<<<<

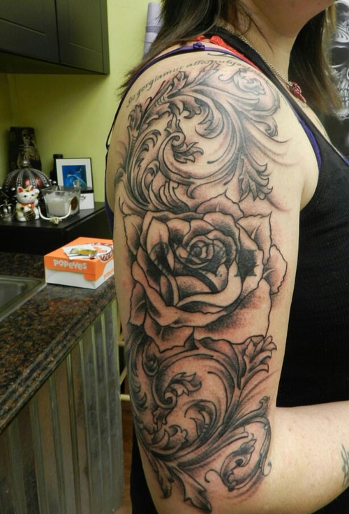 Grey Ink swirl And Rose Flower Half Sleeve Tattoo
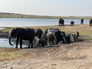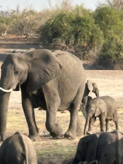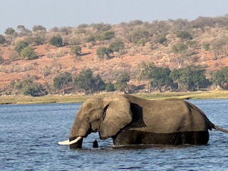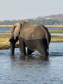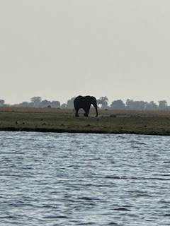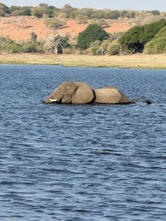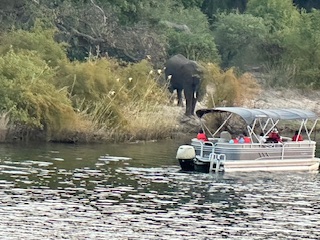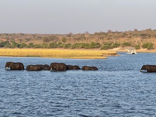 We said goodbye to our Zambian bus driver and squished into two small vans for the short ride to our hotel. Quick lunch and then onto a boat for our first view of the (now Chobe River) and Chobe National Park. Not to be outdone by all the other international conflicts about borders, Namibia and Botswana had to got the the International Court in the Netherlands to settle who owned what part of the channels on either side of the island whose name escapes me now. Botswana won for reasons I don’t remember either but now it’s all part of Chobe National Park Botswana.
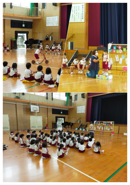 姫島幼稚園の園児たちが本校の講堂で8月の誕生日会を開催しました。
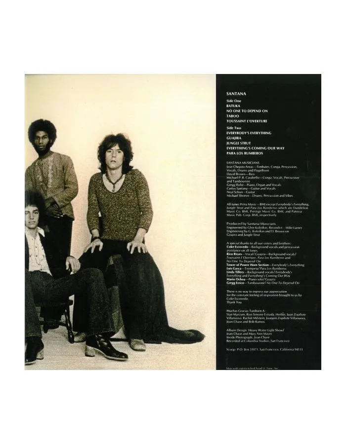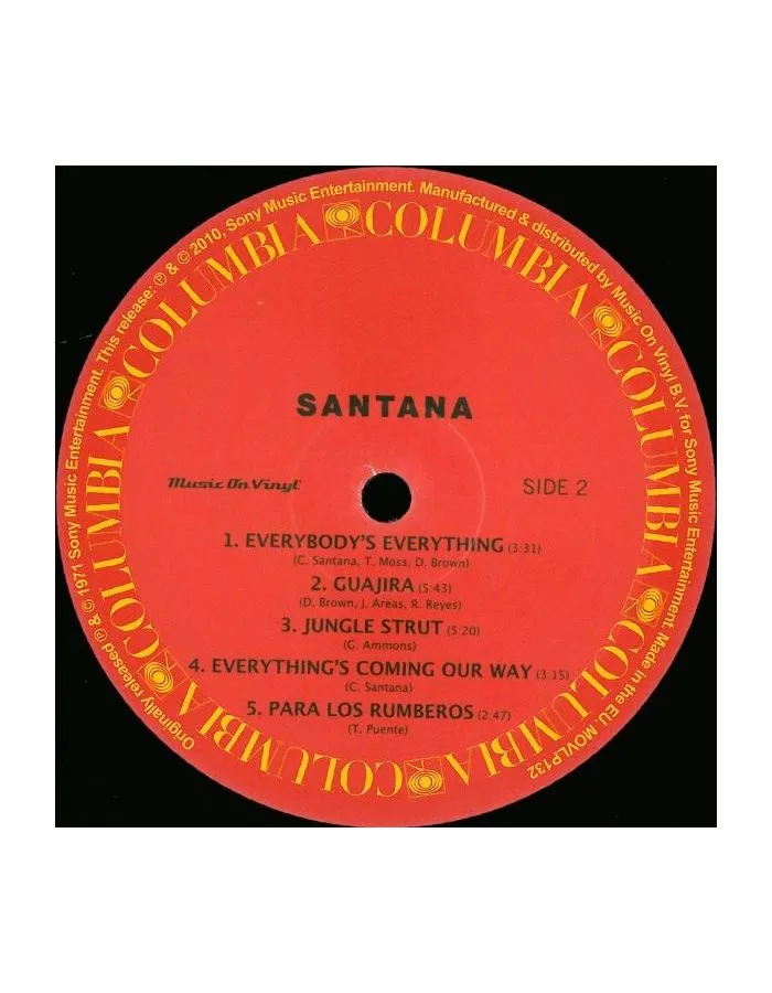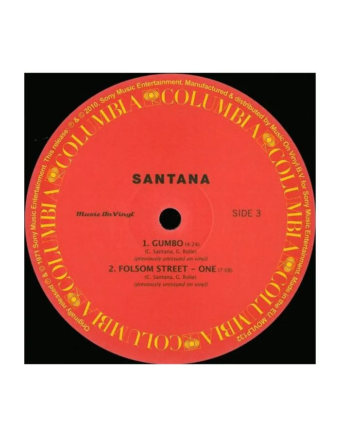 Santana 3 - третий альбом группы Карлоса Сантаны, выпущенный в 1971 году. Последняя запись Эры Вудстока. После этой пластинки Сантана долгое время не попадал на 1-ое место в чартах (вплоть до 1999 года), что даже зафиксировано в Книге рекордов Гиннеса. Ремастированное переиздание представлено на двойном 180-ти граммовом черном виниле и содержит 4 бонус-трека - 3 ранее не издававшихся трека Gumbo, Folsom Street, Banbeye и сингл-версия песни No One To Depend On. Конверт и винил в состоянии близком к идеальному. Карлос Сантана - американский гитарист, родившийся в 1947 году в Мексике. Много раз был удостоен премии Грэмми, особенно в период своего звездного часа 1960-70 годов. Песня Black Magic Woman того времени стала бессмертным хитом. Возвращение на вершины чартов произошло в 1999 году с выходов в свет альбома Supernatural. Пластинка получила Грэмми в номинации лучший альбом года и содержала хиты Maria Maria и Smooth. Всего было продано 30 миллионов экземпляров его пластинок, 14 альбомов стали золотыми, 9 - платиновыми.
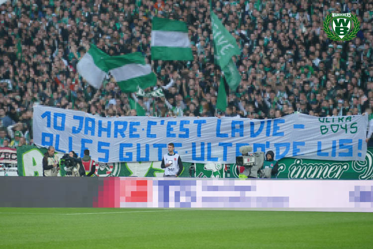 Mehrere Gruppen zeigten Spruchbänder zu 15 Jahren Wanderers. Die Ultra’ Boys Bremen gratulierten außerdem noch ihren Freunden aus Darmstadt zudem zu 10 Jahren Ultra’ de Lis. Zum Intro wurden in der Ostkurve Fahnen geschwenkt und einer Blockfahne mit dem Vereinswappen von Werder Bremen ausgebreitet.
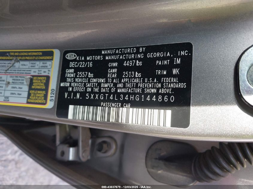 2017 KIA OPTIMA 2017 року Бензин, 2.4, Передний привод, vin - 5XXGT4L34HG144860 из США
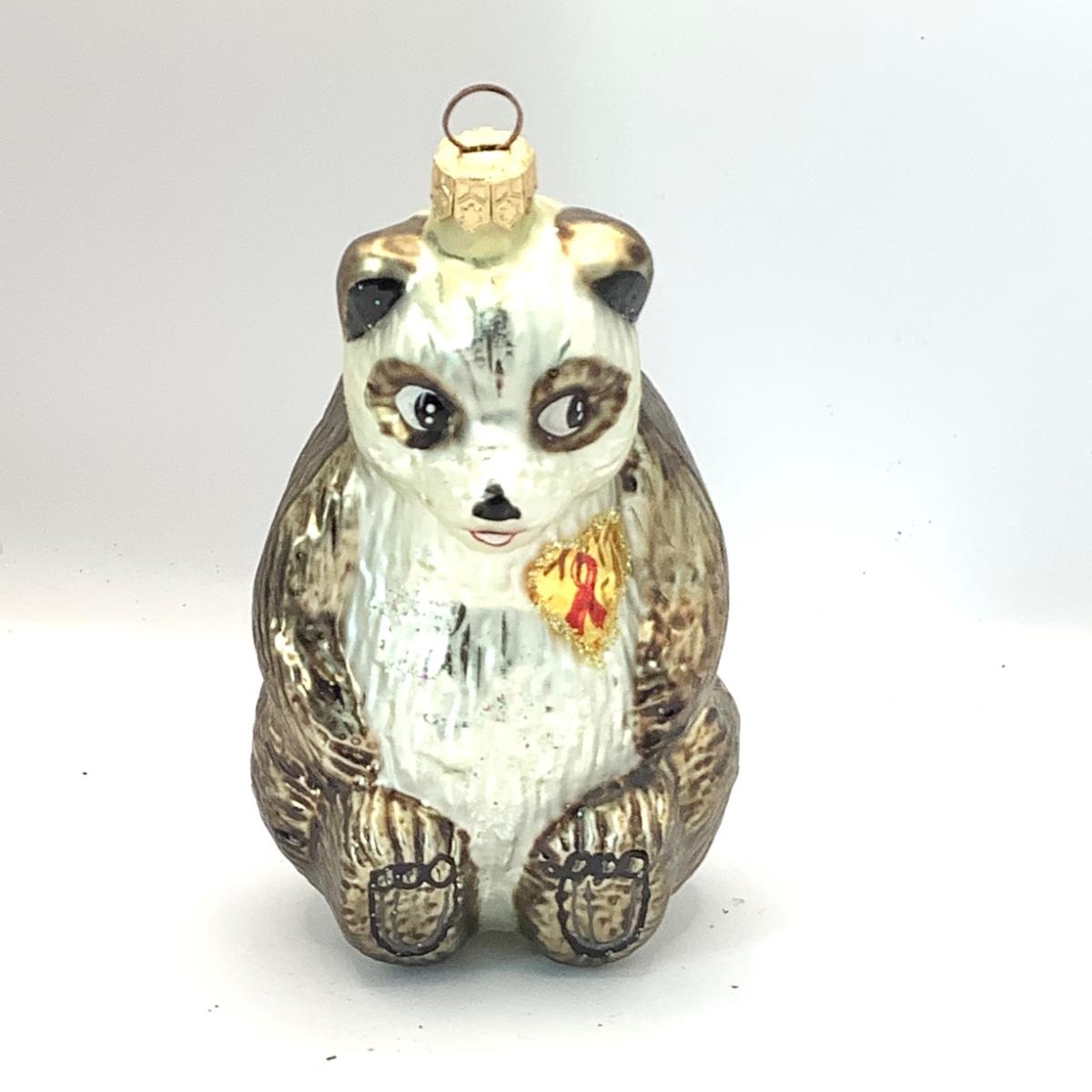1623 Christopher Radko 1996 Winter Bear's Heart Aids Awareness Glass Ornament
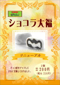 ショコラ大福10月よりチョコ感アップでさらに美味しくリニューアル!! 白餡に、ビターチョコレートとミルクチョコレートを大量に練りこみ、 まる… [more]
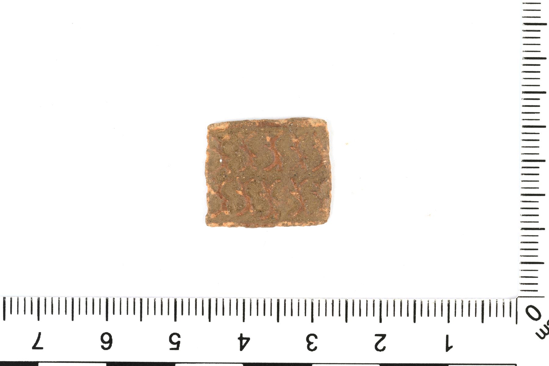| Suorakaiteenmuotoinen lyijylevyn katkelma. Etupuolella on koristeena kohokuvioisia kasviornamentiikkakuvioita. Mahdollisesti hela. | |
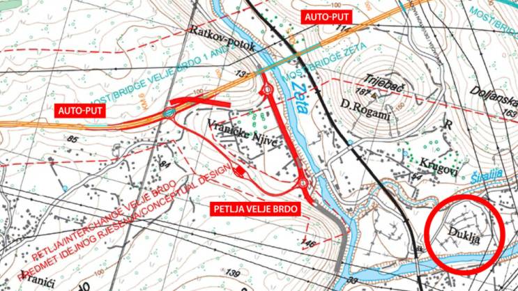 „Iz tog razloga, bilo kakvi zaključci o konkretnim tehničkim elementima projekta ne mogu se pouzdano donositi na osnovu tih skica, bez uvida u detaljniju projektnu dokumentaciju. Arheološki lokalitet Duklja nije ugrožen saobraćajnicom, niti bilo kakvim priključkom. Prilikom definisanja trase posebno se vodilo računa o očuvanju ovog izuzetno značajnog kulturno-istorijskog lokaliteta. Njegova udaljenost od planirane trase auto-puta iznosi cca 1 km, čime je izbjegnuto bilo kakvo direktno ili indirektno ugrožavanje“, naglašavaju iz Monteputa.
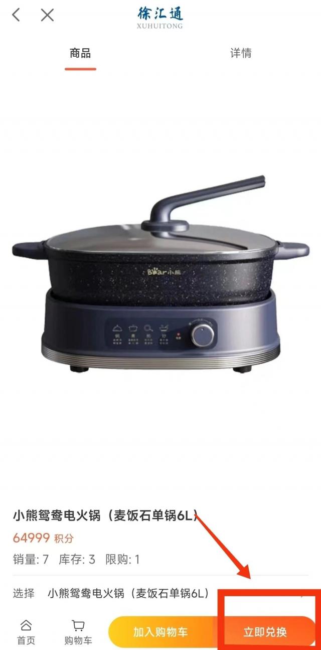 登录“徐汇通”后,点击右下角【我的】→点击【积分】→点击【积分兑好礼】→点击相关商品→点击【立即兑换】,即可进入兑换页面

>>>>

• Directions for this task:
Strip the images and return the remaining data exactly.

• Exercise solution:
 Grey Ink swirl And Rose Flower Half Sleeve Tattoo
 We said goodbye to our Zambian bus driver and squished into two small vans for the short ride to our hotel. Quick lunch and then onto a boat for our first view of the (now Chobe River) and Chobe National Park. Not to be outdone by all the other international conflicts about borders, Namibia and Botswana had to got the the International Court in the Netherlands to settle who owned what part of the channels on either side of the island whose name escapes me now. Botswana won for reasons I don’t remember either but now it’s all part of Chobe National Park Botswana.
 姫島幼稚園の園児たちが本校の講堂で8月の誕生日会を開催しました。
 Santana 3 - третий альбом группы Карлоса Сантаны, выпущенный в 1971 году. Последняя запись Эры Вудстока. После этой пластинки Сантана долгое время не попадал на 1-ое место в чартах (вплоть до 1999 года), что даже зафиксировано в Книге рекордов Гиннеса. Ремастированное переиздание представлено на двойном 180-ти граммовом черном виниле и содержит 4 бонус-трека - 3 ранее не издававшихся трека Gumbo, Folsom Street, Banbeye и сингл-версия песни No One To Depend On. Конверт и винил в состоянии близком к идеальному. Карлос Сантана - американский гитарист, родившийся в 1947 году в Мексике. Много раз был удостоен премии Грэмми, особенно в период своего звездного часа 1960-70 годов. Песня Black Magic Woman того времени стала бессмертным хитом. Возвращение на вершины чартов произошло в 1999 году с выходов в свет альбома Supernatural. Пластинка получила Грэмми в номинации лучший альбом года и содержала хиты Maria Maria и Smooth. Всего было продано 30 миллионов экземпляров его пластинок, 14 альбомов стали золотыми, 9 - платиновыми.
 Mehrere Gruppen zeigten Spruchbänder zu 15 Jahren Wanderers. Die Ultra’ Boys Bremen gratulierten außerdem noch ihren Freunden aus Darmstadt zudem zu 10 Jahren Ultra’ de Lis. Zum Intro wurden in der Ostkurve Fahnen geschwenkt und einer Blockfahne mit dem Vereinswappen von Werder Bremen ausgebreitet.
 2017 KIA OPTIMA 2017 року Бензин, 2.4, Передний привод, vin - 5XXGT4L34HG144860 из США
1623 Christopher Radko 1996 Winter Bear's Heart Aids Awareness Glass Ornament
 ショコラ大福10月よりチョコ感アップでさらに美味しくリニューアル!! 白餡に、ビターチョコレートとミルクチョコレートを大量に練りこみ、 まる… [more]
| Suorakaiteenmuotoinen lyijylevyn katkelma. Etupuolella on koristeena kohokuvioisia kasviornamentiikkakuvioita. Mahdollisesti hela. | |
 „Iz tog razloga, bilo kakvi zaključci o konkretnim tehničkim elementima projekta ne mogu se pouzdano donositi na osnovu tih skica, bez uvida u detaljniju projektnu dokumentaciju. Arheološki lokalitet Duklja nije ugrožen saobraćajnicom, niti bilo kakvim priključkom. Prilikom definisanja trase posebno se vodilo računa o očuvanju ovog izuzetno značajnog kulturno-istorijskog lokaliteta. Njegova udaljenost od planirane trase auto-puta iznosi cca 1 km, čime je izbjegnuto bilo kakvo direktno ili indirektno ugrožavanje“, naglašavaju iz Monteputa.
 登录“徐汇通”后,点击右下角【我的】→点击【积分】→点击【积分兑好礼】→点击相关商品→点击【立即兑换】,即可进入兑换页面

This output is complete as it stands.